As good as Griffin was down the stretch, Jamal Crawford was even better. Crawford came alive for 11 points in the final frame, and even managed to get up for a rare dunk in the closing minutes of the third.
L.A.'s effort was truly one of a team, which, as ESPN.com's J.A. Adande noted, is how the Clippers got and will get through the remainder of the Donald Sterling era with their aspirations intact.
"Together, they got through the crisis," Adande wrote. "They played a game whose very tipoff was in doubt, with players around the league mobilizing for a shutdown if their concerns weren't met by Silver. And they prevailed."
As for the Warriors, they did well to battle the Clippers inside with their "small ball" lineup. Golden State actually finished ahead in rebounds (42-41) and points in the paint (50-40), despite starting the undersized Draymond Green (10 points, 11 boards) in the middle and watching David Lee (18 points, 10 rebounds, four assists) struggle with foul trouble all night.

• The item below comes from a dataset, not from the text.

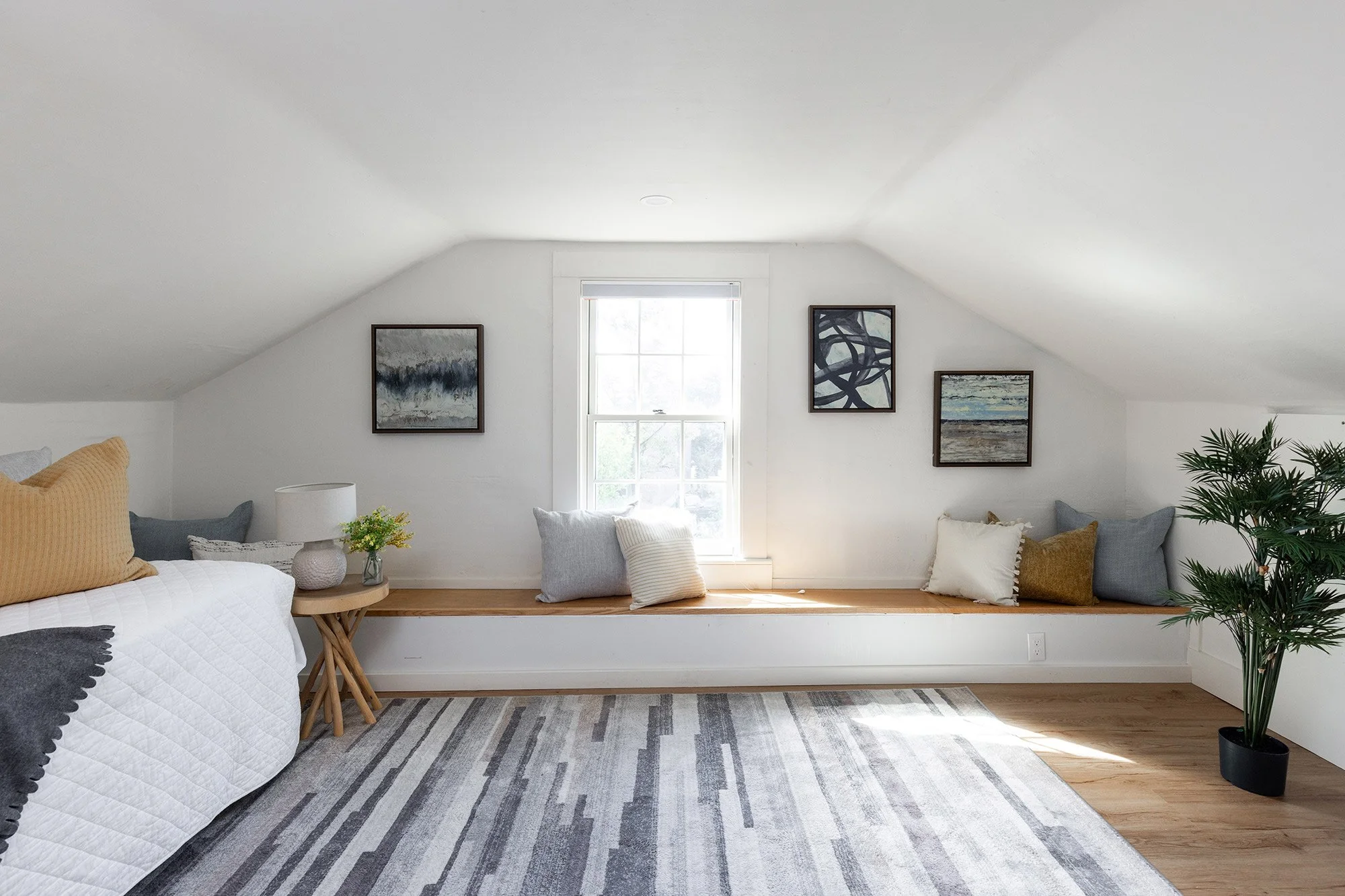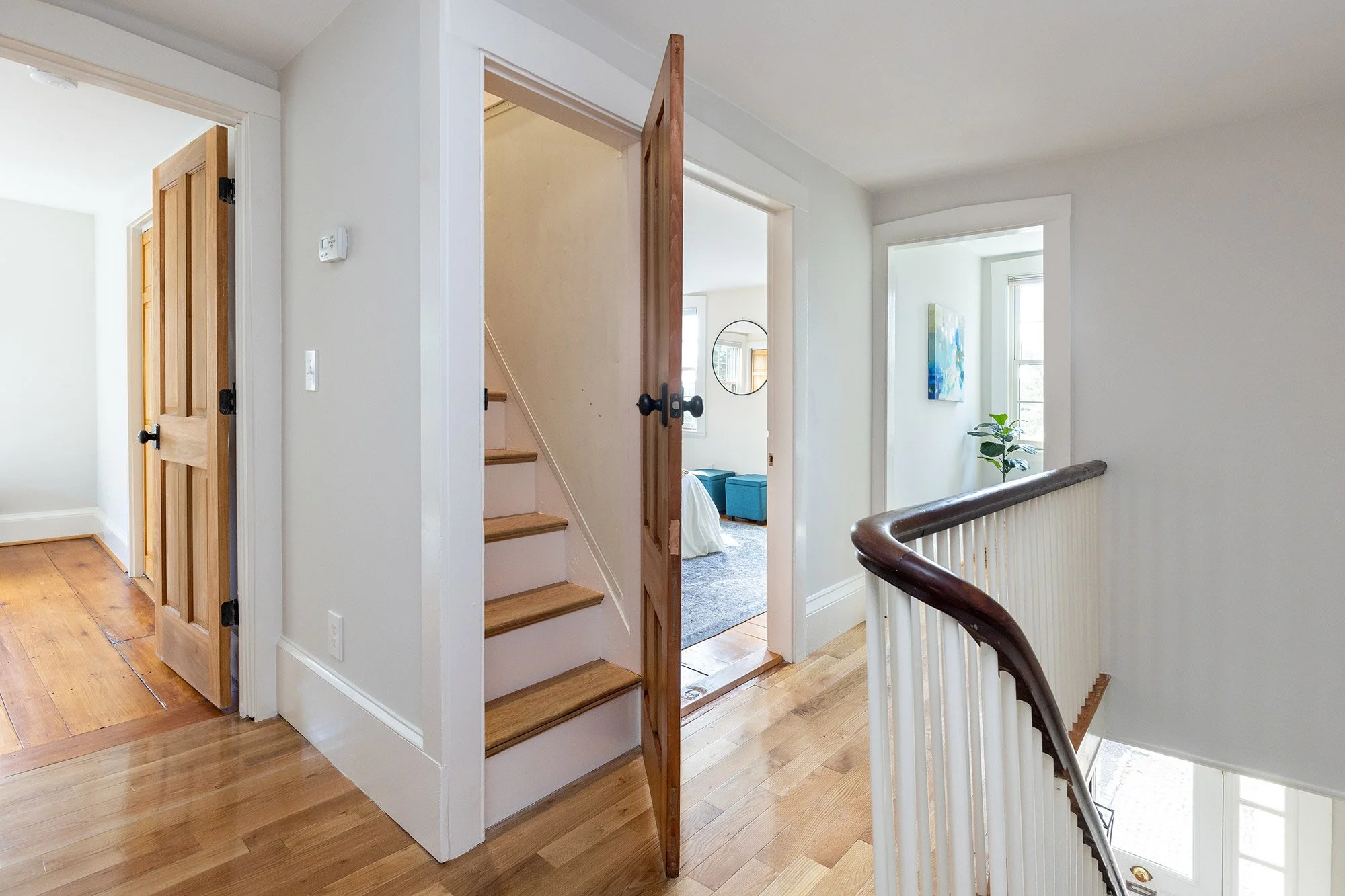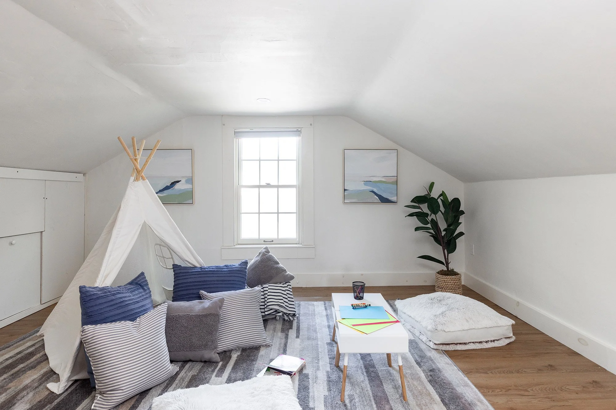 Ascend the steep staircase to discover charming attic rooms, one on either side of the stairs. Both rooms have a window, luxury vinyl flooring, and recessed lighting. The larger room has roughed in bathroom plumbing, which is right over the 2nd floor bathroom. The smaller room has a closet and great natural light.

But the Dubs couldn't quite overcome some crucial mistakes in crunch time. Golden State turned it over twice in a three-possession span with less than four minutes to go, each yielding scores on L.A.'s end.
Nor could the Warriors persevere through a 41-19 disparity in free-throw attempts, even with so many of the Clippers' tries coming on account of Mark Jackson's own tactics.

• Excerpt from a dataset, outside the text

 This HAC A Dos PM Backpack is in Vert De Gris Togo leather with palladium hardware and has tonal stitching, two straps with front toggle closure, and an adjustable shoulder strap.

Then again, L.A.'s advantage in emotional energy might've been enough to carry the day anyway. After all they'd been through, the Clippers played like a team that relished the opportunity to get away from the distractions and take out their frustrations by doing what they do best and do normally: Playing basketball.
That being said, this win, however pivotal, didn't settle anything for the Clippers. They still have to take one more to advance to the Western Conference Semifinals, with a trip to Oakland on tap for Thursday. Once that's through, L.A. will have to worry about either the talented Oklahoma City Thunder or (more likely) the resurgent Memphis Grizzlies, who ousted the Clippers from last year's playoffs.
Likewise, the Sterling situation remains far from resolved. He may not be allowed to so much as set foot at another Clippers game in his life, but the team remains his. Even if the league's 29 other owners vote to strip Sterling of ownership at Adam Silver's behest—which they likely will—there's little doubt that Sterling, never one to shy away from a legal battle, will fight tooth-and-nail to keep the team, which he's had in his possession since 1981.
For one day, at least, all felt well with Clipper Nation. Their embattled owner was nowhere in sight. His estranged wife, Shelly, spent the evening in a luxury suite, far away from her usual courtside spot.
And far from the Clippers themselves, who left behind yesterday's darkness for what they can only hope will be a brighter tomorrow.